### Problem to work on
Below this line is a set of entries; quote exactly the lines from the line that contains "Walking through the" to the line that contains "Mô hình ứng", both lines included.

### Data section
════════

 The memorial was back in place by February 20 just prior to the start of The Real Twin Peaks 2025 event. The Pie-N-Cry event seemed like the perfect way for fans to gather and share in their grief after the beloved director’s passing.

════════

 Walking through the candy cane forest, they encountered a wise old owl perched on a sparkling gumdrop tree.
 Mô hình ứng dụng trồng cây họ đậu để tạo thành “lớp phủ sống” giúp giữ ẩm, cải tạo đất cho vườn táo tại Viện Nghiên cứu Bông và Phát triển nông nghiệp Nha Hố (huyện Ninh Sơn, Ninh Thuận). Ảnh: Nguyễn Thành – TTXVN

════════

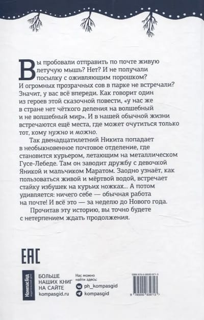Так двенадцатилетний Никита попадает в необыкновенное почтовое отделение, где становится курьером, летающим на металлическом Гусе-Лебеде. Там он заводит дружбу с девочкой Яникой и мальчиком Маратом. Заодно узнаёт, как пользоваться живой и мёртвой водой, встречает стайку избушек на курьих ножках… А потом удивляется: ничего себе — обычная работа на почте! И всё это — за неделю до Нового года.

════════

### Your response
 Walking through the candy cane forest, they encountered a wise old owl perched on a sparkling gumdrop tree.
 Mô hình ứng dụng trồng cây họ đậu để tạo thành “lớp phủ sống” giúp giữ ẩm, cải tạo đất cho vườn táo tại Viện Nghiên cứu Bông và Phát triển nông nghiệp Nha Hố (huyện Ninh Sơn, Ninh Thuận). Ảnh: Nguyễn Thành – TTXVN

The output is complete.